As escolas e os meios de comunicação quase sempre trabalham para produzir - como numa fábrica - indivíduos "adaptados" à sociedade a que pertencem. As pessoas são formadas (ou deformadas) para exibir um perfil dependente, acrítico e submisso. O restabelecimento dos laços que identificam o homem com a sociedade implica, inicialmente, a identificação deste homem consigo mesmo. A Educação Física pode participar neste processo, criando ambientes favoráveis para alguém tornar-se, realmente, pessoa.

Implantada por militares em diversos países, a Educação Física objetivava unicamente o treinamento físico-militar, necessário à sua formação. Esse espírito foi, nesses países, transferido para o meio civil. Neste, primeiro

foi ministrada pelos próprios militares e, posteriormente, por civis. Estes não consideraram a inadequação dos métodos militares à prática educacional, criando uma tradição de rigidez disciplinar que não se coaduna com o ambiente civil. O professor de Educação Física passou a assumir o papel de preparador físico, incorporou às suas aulas exercícios de ordem unida e tornou-se um "disciplinador por excelência".

As funções da Educação Física, porém, não se esgotam no seu relacionamento com o indivíduo. Este não deve ficar isolado do contexto no qual está inserido, pois corre o risco de se transformar num simples paciente (agora no sentido social) das forças que interagem à sua volta. A Educação Física, apesar de ser uma atividade essencialmente prática, pode oferecer oportunidades para a formação do homem consciente, crítico, sensível à realidade que o envolve. Mas pode, também, gerar o conformista.
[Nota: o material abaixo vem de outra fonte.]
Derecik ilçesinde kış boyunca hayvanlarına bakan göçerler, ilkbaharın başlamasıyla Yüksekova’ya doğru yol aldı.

Inúmeras passagens históricas ilustram a utilização da Educação Física como meio de adaptação dos indivíduos ao pensamento dominante. Um dos exemplos mais enfáticos é o da formação de associações civis destinadas a "prestar culto à pátria". São bem significativos os modelos do tipo "Juventude Hitlerista", "Juventude Brasileira", "Mocidade Portuguesa", "Juventude Comunista" etc., criados na primeira metade do século. Essas instituições tinham, oficialmente, a finalidade de proporcionar educação cívica, moral e física aos cidadãos. Longe de pretender uma autêntica participação social, os seus objetivos eram, principalmente, ajudar a implantar um clima de passividade social. Não propiciavam oportunidades para o desenvolvimento de mentes críticas. Existiam apenas para massificar consciências, unificando-as de acordo com os interesses dominantes. A educação cívica não nascia de um comprometimento do indivíduo com interesses comunitários. Era a subserviência às normas arbitrariamente estabelecidas pelo poder. A educação moral não emanava do convívio grupal. Era imposta sob forma de disciplina moral. A Educação Física não era propriamente educação, era adestramento, vigor físico. Cultura do físico.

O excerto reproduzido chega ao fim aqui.